Sponsored Projects
Join forces with the next generation of engineers as they bring fresh ideas and innovative solutions to the table. Our multidisciplinary engineering sponsored projects offer industry partners a unique opportunity to collaborate with some of the brightest minds in the field and drive positive change in the world. Whether you're looking to create and/or improve existing products and processes, develop new technology, or gain a competitive edge, our sponsored projects are the perfect platform to achieve your goals.
The Institute calls for working relationships between the University and industry partners from various sectors to collaborate on projects based on real industry design and development needs. These students gain valuable hands on experience that goes beyond the curriculum. They will be given specific training appropriate to their projects. Students are jointly supervised by U of T engineering faculty, graduate student mentors, and senior technical staff within the company.
Project Highlights
Flight Performance Tools
Bombardier Inc.
The Standard Computerized Aircraft Performance (SCAP) computer-based program allows airlines to calculate the performance of an aircraft during take-off and landing. Traditionally, performance calculations are processed by ground crew well ahead of the flight time. This project aims to transfer this program into a mobile application platform, thereby allowing pilots to perform re-calculations closer to the actual flight time.
- Allows pilots to compute the performance of an aircraft prior to take-off or landing, giving results more accurate to the actual environmental variables at that time.
- Potentially save fuel costs by calculating an optimized flap setting or take-off.
- Potential for reduction in maintenance costs as an optimal reduction in thrust during take-off can be calculated.
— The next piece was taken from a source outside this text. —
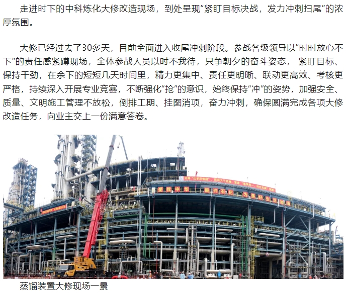 緊盯目標(biāo)決戰(zhàn) 奮力沖刺掃尾——走馬2024年中科煉化裝置大修改造大會戰(zhàn)現(xiàn)場
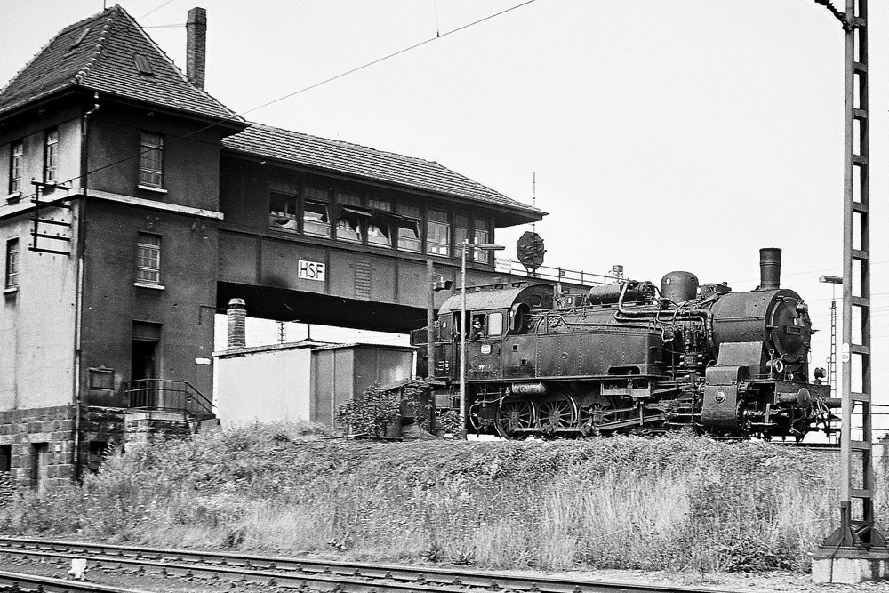 Ein Blick zurück zeigte 140 831, die aus Moers kommend am Stellwerksgebäude

- Catch up to industry standards as many other aircraft series already have a similar application.
Thermal Performance of a Switch Module
Honeywell
Overheating of components during full product development would result in unacceptable schedule and cost overruns. Heat should be effectively removed from the system to avoid system failure. The objective of this project was to assess the viability of using lower-cost industrialgrade switching devices. Maintain thermal performance and achieve acceptable temperature ranges.
Created an Icepak model of the assembly that can be used to find the temperature margin of different components inside the chassis. Replacing the existing switching device with the lower-cost industrial-grade one can save Honeywell $1,000,000 per year. The cost reduction can drive to maintain a competitive position in the market for Honeywell and increase their sales.
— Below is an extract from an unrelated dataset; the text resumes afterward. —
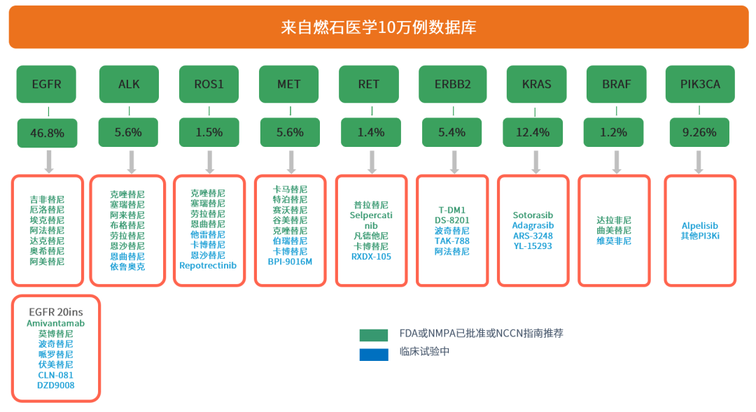 中国肺癌患者主要驱动变异发生率(基于燃石内部数据)及对应靶向药物

Applying Sustainability to Aero Engines
Pratt & Whitney Canada
Develop and deliver strategies and tools that will enable Pratt & Whitney Canada (P&WC) to progress towards its sustainability goals and vision to be the best aerospace company in the world. Perform engine and component environmental impact assessments, develop an ecodesign tool, and support the adoption of ecodesign methods into current engine programs
Developed and tested a tool that can produce a breakdown by weight of all the materials present in an engine. This tool enables P&WC to carry out a more detailed end-of-life analysis of its engines in order to better understand material flows at its maintenance, repair, and overhaul facilities. The project has also helped develop a sustainable return-on-investment (S-ROI) tool which enables P&WC to better evaluate the social, environmental, and financial impacts of its facilities investments.
Schedule Maintenance Data Processing and Analysis Automation
De Havilland Aircraft of Canada Limited
In conjunction with regulatory authorities, maintenance intervals have been defined for the Dash 8 series aircraft, and these intervals have evolved over time. This project involved developing a report and dashboard to calculate the theoretical scheduled maintenance timetable for all Dash 8 aircraft, taking into account the changing maintenance intervals and using historical flight-hour data stored in the database, as provided by operators. The report assumed 100% yield of flight hours.
Used Excel VBA and SQL to retrieve the relevant flight-hour data from the database and create the scheduled maintenance report. Also developed a dashboard using MicroStrategy to display the resulting data. This report allowed the Maintenance Engineering team to analyze operator trends and potentially optimize scheduled maintenance intervals.